» **WHAT IS NEEDED**
The result should hold only the lines from the one with "神级美学魔幻RPG大作《傲视" through the final line of the data below, transcribed exactly, pictures left out.

» **MATERIAL FOR THIS TASK**

=== Section Start ===

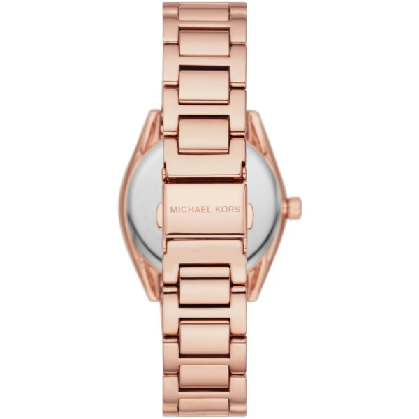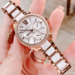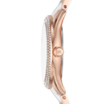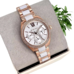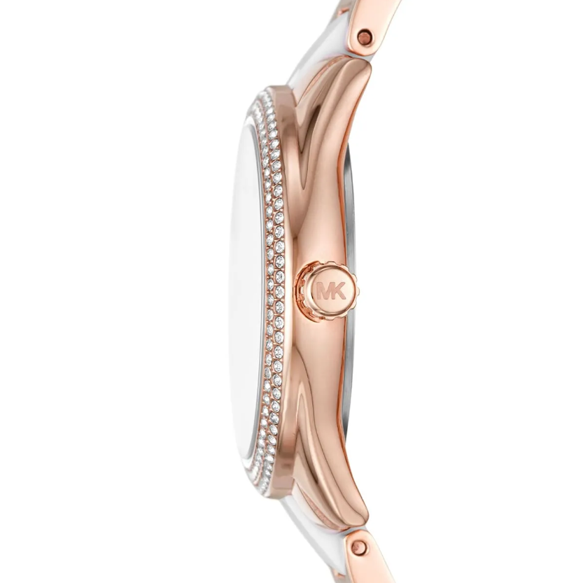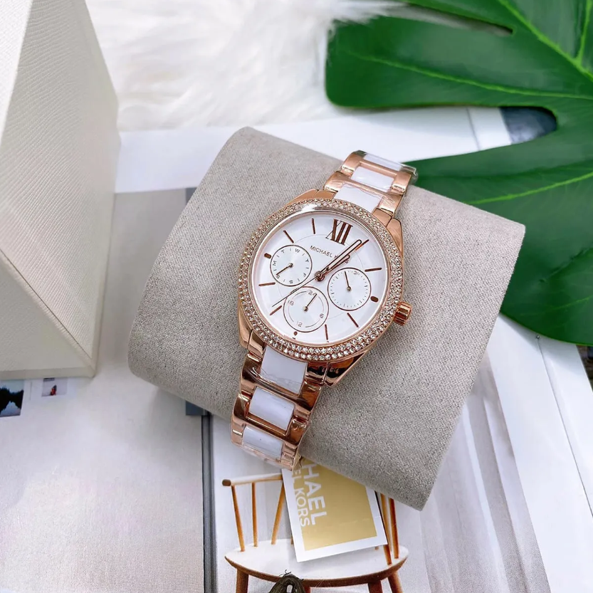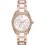 Часы Michael Kors Janelle диаметром 36 мм имеют белый циферблат с индексами цвета розового золота, многофункциональный механизм и браслет цвета розового золота с центральными звеньями из белого ацетата.
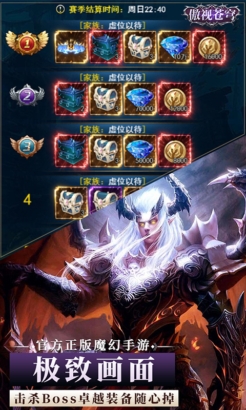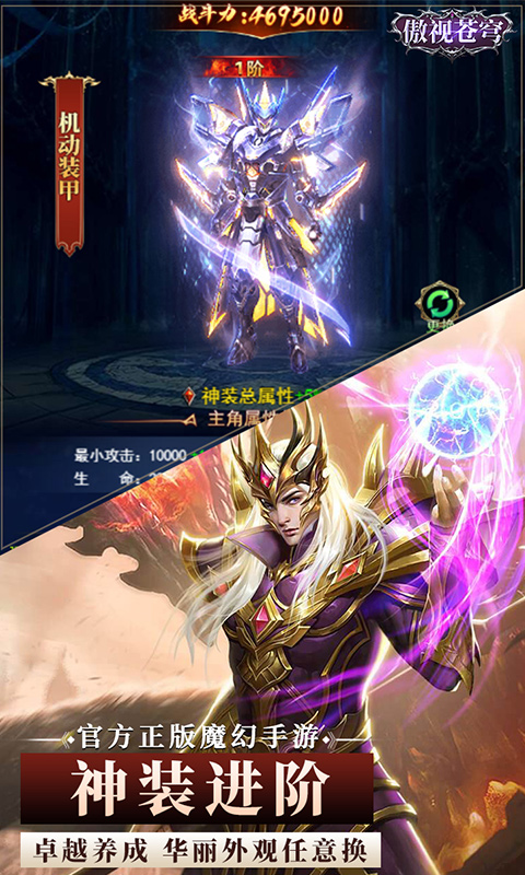 神级美学魔幻RPG大作《傲视苍穹》!多种突破乐趣更多。美术全面升级,超清画质高精度建模,震撼的战斗技能效果丝滑多变,自动挂机刷怪也能打得漂亮!上千套华美造型,强化流光表现让装备更炫,精灵随战、天神附体助你实力碾压全场。还有战盟盟主虚位以待,激烈的跨服战甚至百团大战一触即发,快来燃动你的战盟之魂,开启魔幻之旅吧!
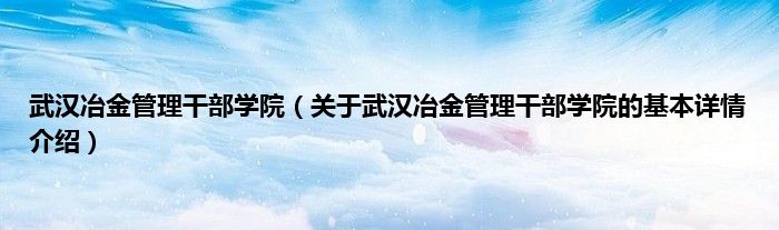 武汉冶金管理干部学院(关于武汉冶金管理干部学院的基本详情介绍)
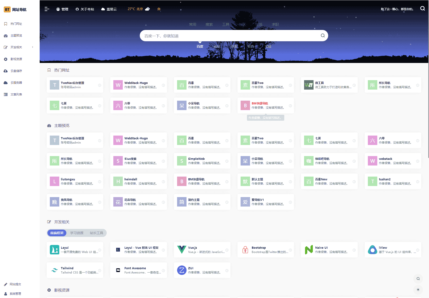 介绍:已去授权,最新开源解密版。TwoNav 是一款开源的书签(导航)管理程序,使用PHP + SQLite 3开发,界面简洁,安装简单,使用方便, 基础功能免费。 TwoNav可帮助你你将浏览器书签集中式管理,解决跨设备、跨平台、跨浏览器之间同步和访问困难问题,做到一处部署,随处访问。
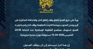 بِسْمِ اللَّـهِ الرحمن الرَّحِيمِ ﴿أُذِنَ لِلَّذِينَ يُقَاتَلُونَ بِأَنَّهُمْ ظُلِمُوا وَإِنَّ اللَّهَ عَلَىٰ نَصْرِهِمْ لَقَدِيرٌ﴾ صَدَقَ اللهُ العَلِيّ العَظِيم دفاعًا عن لبنان وشعبه، وردًّا على خرق العدوّ لاتفاق وقف إطلاق النار، واعتداءاته المتكرّرة على قرى ومدن الجنوب، وبعدما التزمت المقاومة بوقف النار ولم يلتزم به العدوّ، استهدف مجاهدو المُقاومة الإسلاميّة عند السّاعة 23:30 الخميس 16-04-2026 مستوطنة نهاريا بصليةٍ صاروخيّة. ﴿وَمَا النَّصْرُ …
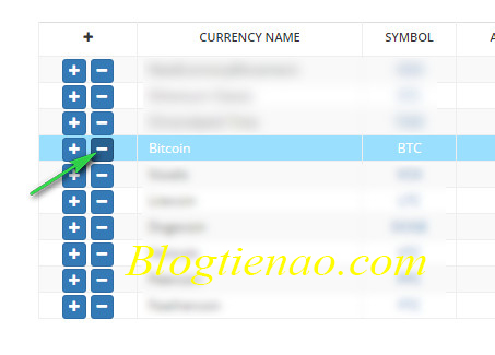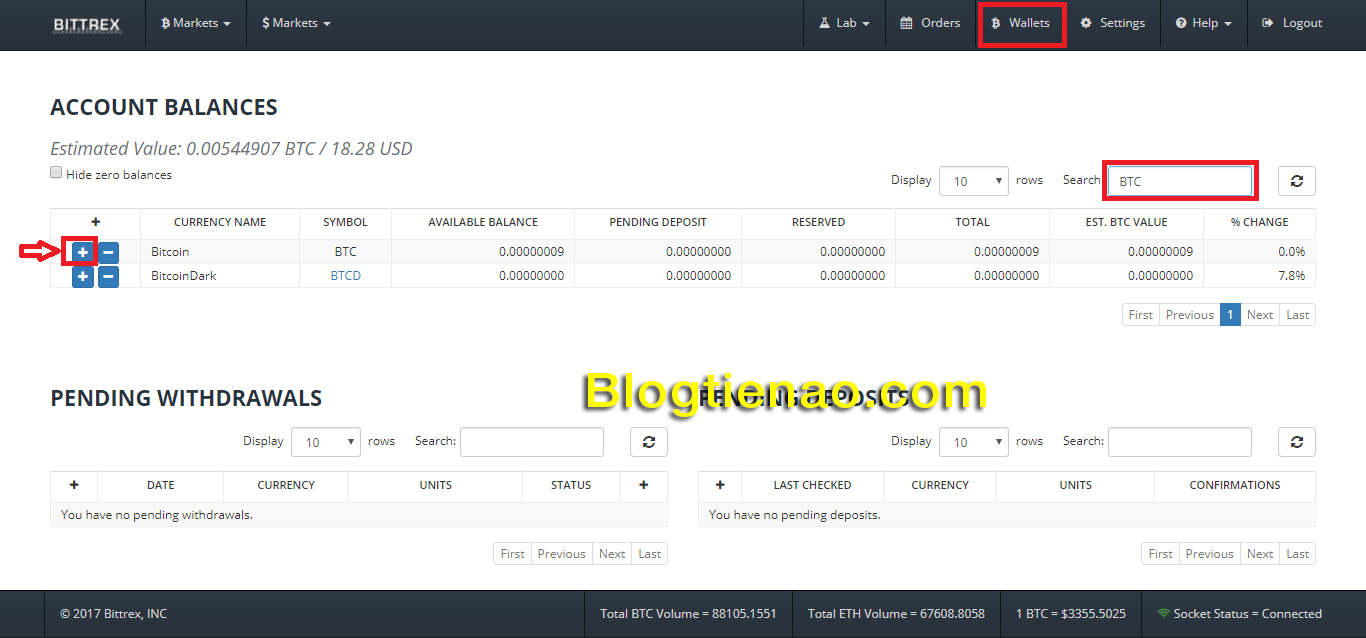 Tạo địa chỉ ví BittrexBước 2: Gõ tên “Bitcoin” hoặc ký hiệu “BTC” vào ô tìm kiếm mình khoanh tròn đỏ => Click vào dấu “+” trên dòng Bitcoin.
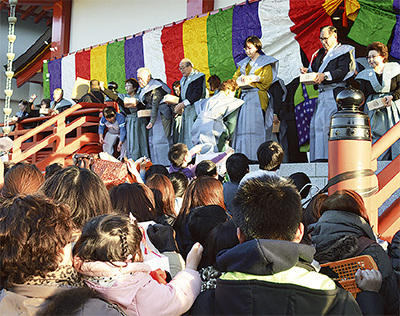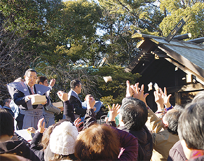 横浜の総鎮守・伊勢山皇大神宮(池田正宏宮司)では、節分会の藤木幸夫会長をはじめ、かみしも姿の年男・年女たちが参列。神事の後に、境内の特設舞台からまかれた豆が、晴れ渡った空に飛び交った。日ノ出町・子神社の豆まきでは、「こっちー」と叫ぶ地域の子どもたちの声が境内に響き渡っていた。

=== Section End ===

» **WRITTEN ANSWER**
 神级美学魔幻RPG大作《傲视苍穹》!多种突破乐趣更多。美术全面升级,超清画质高精度建模,震撼的战斗技能效果丝滑多变,自动挂机刷怪也能打得漂亮!上千套华美造型,强化流光表现让装备更炫,精灵随战、天神附体助你实力碾压全场。还有战盟盟主虚位以待,激烈的跨服战甚至百团大战一触即发,快来燃动你的战盟之魂,开启魔幻之旅吧!
 武汉冶金管理干部学院(关于武汉冶金管理干部学院的基本详情介绍)
 介绍:已去授权,最新开源解密版。TwoNav 是一款开源的书签(导航)管理程序,使用PHP + SQLite 3开发,界面简洁,安装简单,使用方便, 基础功能免费。 TwoNav可帮助你你将浏览器书签集中式管理,解决跨设备、跨平台、跨浏览器之间同步和访问困难问题,做到一处部署,随处访问。
 بِسْمِ اللَّـهِ الرحمن الرَّحِيمِ ﴿أُذِنَ لِلَّذِينَ يُقَاتَلُونَ بِأَنَّهُمْ ظُلِمُوا وَإِنَّ اللَّهَ عَلَىٰ نَصْرِهِمْ لَقَدِيرٌ﴾ صَدَقَ اللهُ العَلِيّ العَظِيم دفاعًا عن لبنان وشعبه، وردًّا على خرق العدوّ لاتفاق وقف إطلاق النار، واعتداءاته المتكرّرة على قرى ومدن الجنوب، وبعدما التزمت المقاومة بوقف النار ولم يلتزم به العدوّ، استهدف مجاهدو المُقاومة الإسلاميّة عند السّاعة 23:30 الخميس 16-04-2026 مستوطنة نهاريا بصليةٍ صاروخيّة. ﴿وَمَا النَّصْرُ …
 Tạo địa chỉ ví BittrexBước 2: Gõ tên “Bitcoin” hoặc ký hiệu “BTC” vào ô tìm kiếm mình khoanh tròn đỏ => Click vào dấu “+” trên dòng Bitcoin.
 横浜の総鎮守・伊勢山皇大神宮(池田正宏宮司)では、節分会の藤木幸夫会長をはじめ、かみしも姿の年男・年女たちが参列。神事の後に、境内の特設舞台からまかれた豆が、晴れ渡った空に飛び交った。日ノ出町・子神社の豆まきでは、「こっちー」と叫ぶ地域の子どもたちの声が境内に響き渡っていた。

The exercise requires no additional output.